Work required:
Although the records contain pictures, none belong in the copy: restate word for word only the lines from the one with "В квартирографии проекта" through the one with "呕吐幼儿离开后,保健室进行全面消毒。", both included.

Input data:
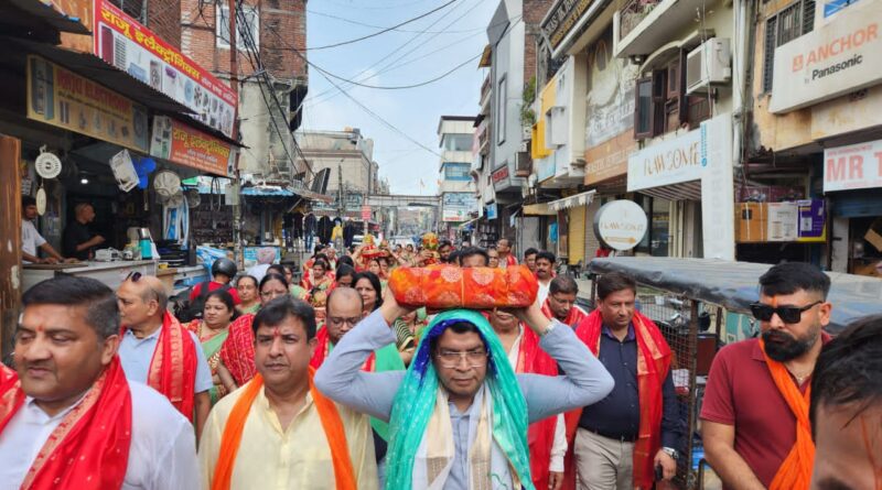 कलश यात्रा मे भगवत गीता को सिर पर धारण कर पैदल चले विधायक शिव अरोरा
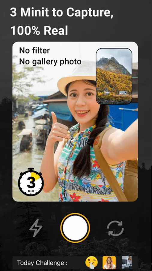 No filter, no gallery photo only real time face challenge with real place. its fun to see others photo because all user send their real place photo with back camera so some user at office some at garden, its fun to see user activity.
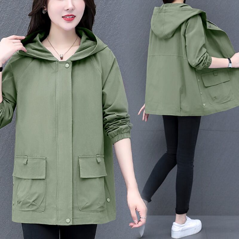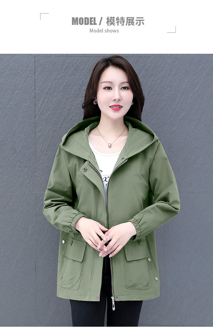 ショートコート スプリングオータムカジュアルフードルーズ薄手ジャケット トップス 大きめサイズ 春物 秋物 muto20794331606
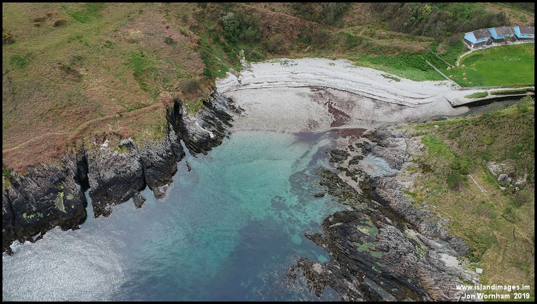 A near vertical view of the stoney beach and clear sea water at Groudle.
--
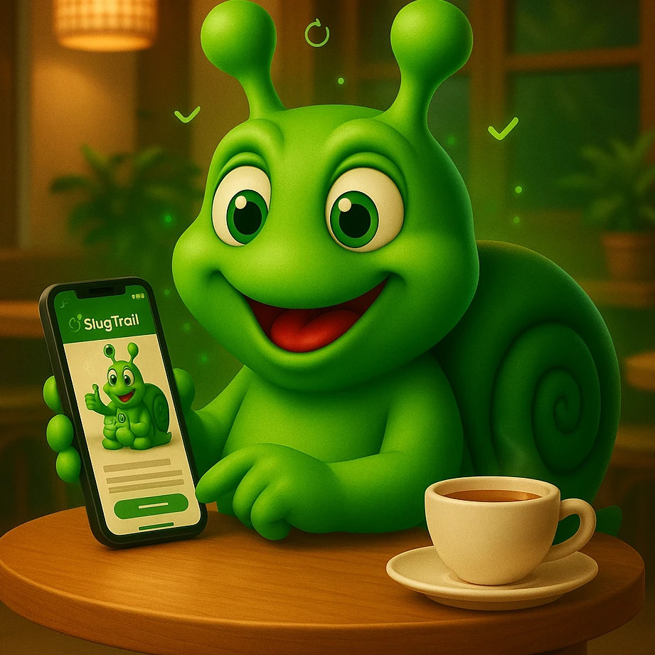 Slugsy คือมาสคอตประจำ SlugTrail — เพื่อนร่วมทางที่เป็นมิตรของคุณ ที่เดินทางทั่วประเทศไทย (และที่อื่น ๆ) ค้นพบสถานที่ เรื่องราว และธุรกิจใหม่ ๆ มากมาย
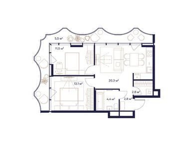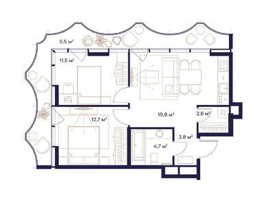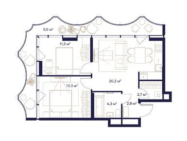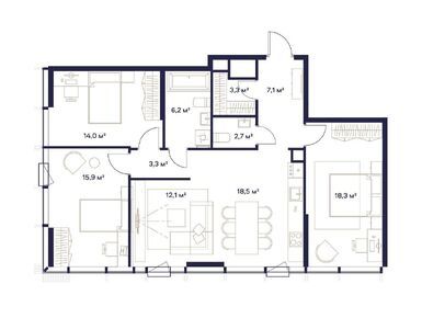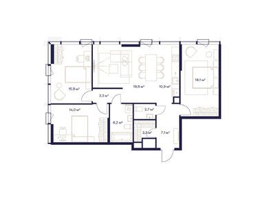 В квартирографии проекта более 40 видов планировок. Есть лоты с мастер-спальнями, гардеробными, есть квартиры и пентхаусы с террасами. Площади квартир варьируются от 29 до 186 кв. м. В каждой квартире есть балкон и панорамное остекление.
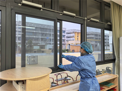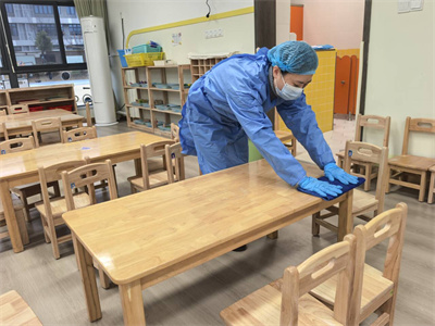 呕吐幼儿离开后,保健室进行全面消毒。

Exercise response:
 В квартирографии проекта более 40 видов планировок. Есть лоты с мастер-спальнями, гардеробными, есть квартиры и пентхаусы с террасами. Площади квартир варьируются от 29 до 186 кв. м. В каждой квартире есть балкон и панорамное остекление.
 呕吐幼儿离开后,保健室进行全面消毒。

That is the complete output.